Sets device to "CUDA" for GPU training, creates a fresh GPTModel with random weights, moves it to GPU and calculates initial losses on 5 batches to establish a baseline. Untrained models typically have loss around 10-11 which should decrease dramatically during training as the model learns patters in the text

In [24]:
device = torch.device("cuda" if torch.cuda.is_available() else "cpu")

print("="*60)
print(f"Using device: {device}")
if torch.cuda.is_available():
    print(f"GPU: {torch.cuda.get_device_name(0)}")
print("="*60)

torch.manual_seed(123)
model = GPTModel(GPT_CONFIG_124M)
model.to(device)

print(f"\nModel parameters: {sum(p.numel() for p in model.parameters()):,}")

with torch.no_grad():
    train_loss = calc_loss_loader(train_loader, model, device, num_batches=5)
    val_loss = calc_loss_loader(val_loader, model, device, num_batches=5)

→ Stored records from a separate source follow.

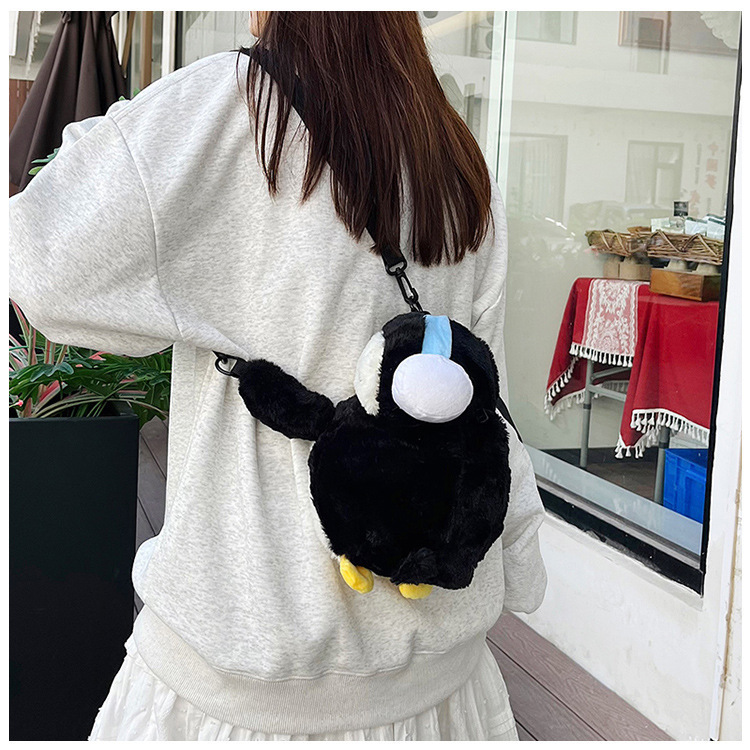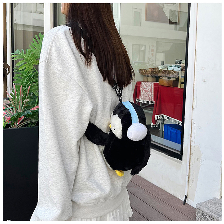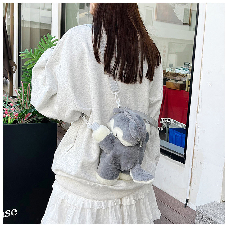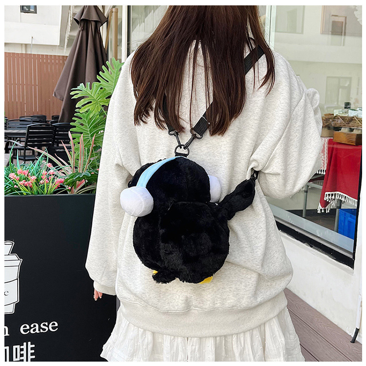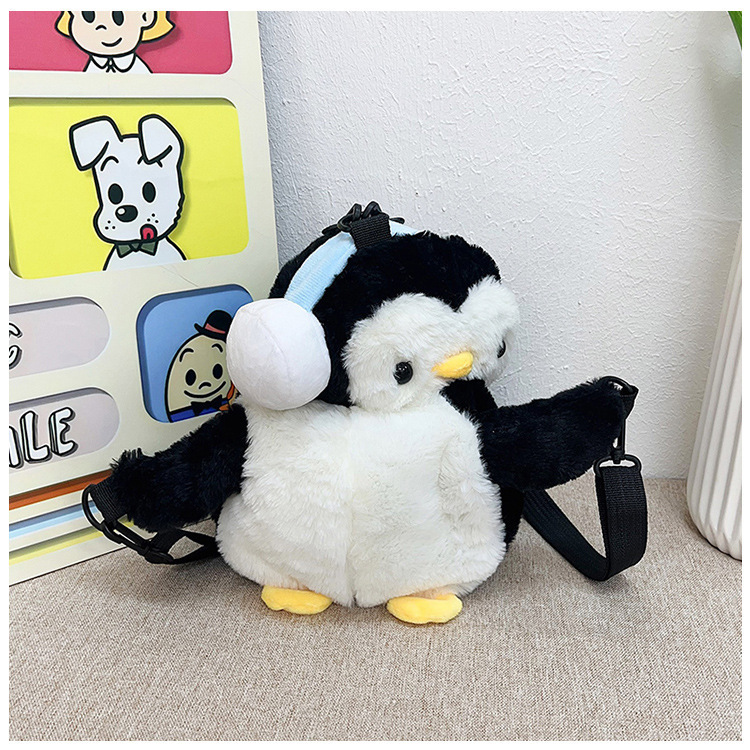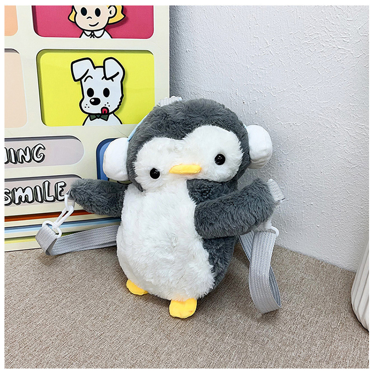 クロスボーダー卸売りペンギンの羊が腹ばいになってかわいいぬいぐるみを包んで、肩のリュックサックの人形を斜めに掛けてかわいいアニメを包んでいます。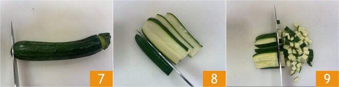 Coupez les extrémités des courgettes 7, tranchez-les 8 puis coupez-les en dés 9.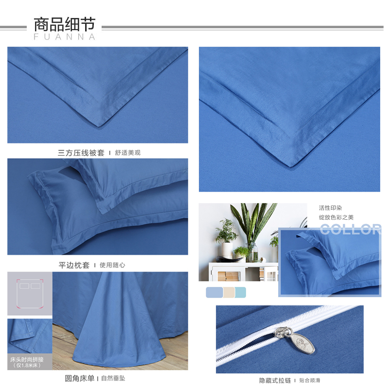 魅蓝雅调 床单四件套(被套1件床单1件枕套2件)(适合1.5米床)【纯棉缎纹/蓝】 |

print(f"\nInitial losses (untrained model):")
print(f"  Training loss: {train_loss:.3f}")
print(f"  Validation loss: {val_loss:.3f}")

Using device: cuda
GPU: NVIDIA GB10

Model parameters: 163,009,536


RuntimeError: CUDA error: no kernel image is available for execution on the device
CUDA kernel errors might be asynchronously reported at some other API call, so the stacktrace below might be incorrect.
For debugging consider passing CUDA_LAUNCH_BLOCKING=1
Compile with `TORCH_USE_CUDA_DSA` to enable device-side assertions.